Nie musi być kabla, może być gwiazda. Okablowanie warto przemyśleć. Ja nie dałem kabli sygnałowych do punktów świetlnych i teraz żałuję. To dobre miejsce dla różnych czujek. Można to obchodzić ESP, ale trzeba je zasilać, więc oświetlenie byłoby pod napięciem i do żyrandoli trzeba by przenieść przekaźniki.

----------


## justynamaczka

Na stronie wszystkich producentów jest dużo informacji odnośnie przycisków programowalnych / manipulatorów 
Czy to jest rzeczywiście tak ważny element?

----------


## Uzytkowniczka

Tak, jest OGROMNIE ważny!
W salonie masz kinkiety, rolety, światło, podświetlenie sufitu, podświetlenie stołu w jadalni, sterowanie temperaturą, wentylacją i nie rzadko też muzyką. Wyobraź sobie, inny przełącznik do rolet inny do termostatu i inny do muzyki. *Masakra.* Instaluje się jeden przełącznik, w którym jest wszystko. Zobacz na przełączniki Nexwell na ich stronce. Mają tego dużo więc zobaczysz do czego są potrzebne. Nie ma co tylko przesadzać. Przerost ilości funkcji też nie jest zbyt dobry.

----------


## Kaizen

> Wyobraź sobie, inny przełącznik do rolet inny do termostatu i inny do muzyki. *Masakra.* Instaluje się jeden przełącznik, w którym jest wszystko.


I żaden gość nie potrafi zapalić sobie światła czy ściszyć radia.
IMO podstawowe rzeczy powinny mieć proste, pozornie tradycyjne sterowanie (najlepiej przyciski mechaniczne). A bardziej zaawansowane mogą być pochowane pod kombinacją kilku przycisków, dwuklikiem, przytrzymaniem itp. A i tak wtedy wygodniej sterować ze smartfona lub tabletu.

----------


## Uzytkowniczka

> I żaden gość nie potrafi zapalić sobie światła czy ściszyć radia.
> ..... A bardziej zaawansowane mogą być pochowane pod kombinacją kilku przycisków, dwuklikiem, przytrzymaniem itp. A i tak wtedy wygodniej sterować ze smartfona lub tabletu.

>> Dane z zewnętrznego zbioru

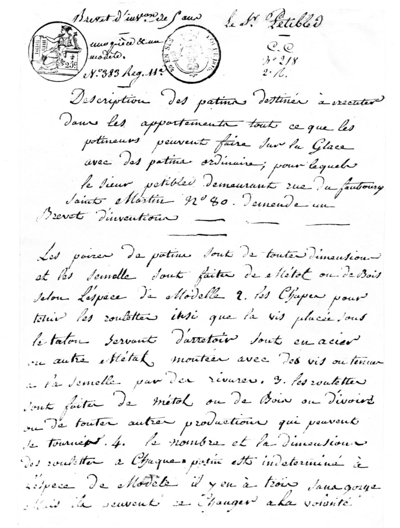 A model of the skate was filed with the "Patent Office". The objects deposited in this office were then forwarded to the Conservatoire des arts et métiers... but Petibled's skate was not kept.

To ja jestem zwolenniczką grawerunków. Po to mamy 2,4,6,12 pól do wygrawerowania, żeby KAŻDY użytkownik wiedział co i jak kliknąć.

----------


## marcin_1988

To ja podłączę się do pytania, ale pod innym kątem.

W Nexwellu jest taki duży panel dotykowy. Handlowiec Nexwell mi go polecał. Inni mówią mi że mogę mieć apke na tablecie i tablet na ścianie. Co jest lepsze?

----------


## Kaizen

> Co jest lepsze?


IMO najwygodniejsze jest sterowanie z planu.

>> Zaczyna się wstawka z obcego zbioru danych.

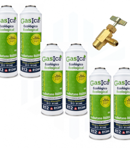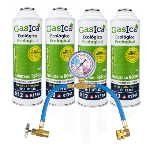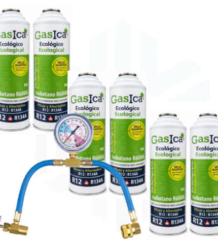 Kit Super Ahorro Profesional X6 Gasica D2 + Manómetro – Sustituto Gas refrigerante ecológico R134a/R12 (copia)

Wygodniej siedząc/leżąc z tabletem/telefonem czy laptopem, niż stojąc przy ścianie. Ale co kto lubi.

----------


## kroles

> To ja jestem zwolenniczką grawerunków. Po to mamy 2,4,6,12 pól do wygrawerowania, żeby KAŻDY użytkownik wiedział co i jak kliknąć.


Po ciemku i bez okularów? Małe szanse. Ja zostawiłem wszędzie "tradycyjne pstryczki".

----------


## Uzytkowniczka

> Po ciemku i bez okularów? Małe szanse. Ja zostawiłem wszędzie "tradycyjne pstryczki".


to już tymbardziej nie trafie. Przynajmniej te 6 polowe sie podswietlaja

----------


## Exudio

> IMO najwygodniejsze jest sterowanie z planu.
> 
> 
> 
> 
> Wygodniej siedząc/leżąc z tabletem/telefonem czy laptopem, niż stojąc przy ścianie. Ale co kto lubi.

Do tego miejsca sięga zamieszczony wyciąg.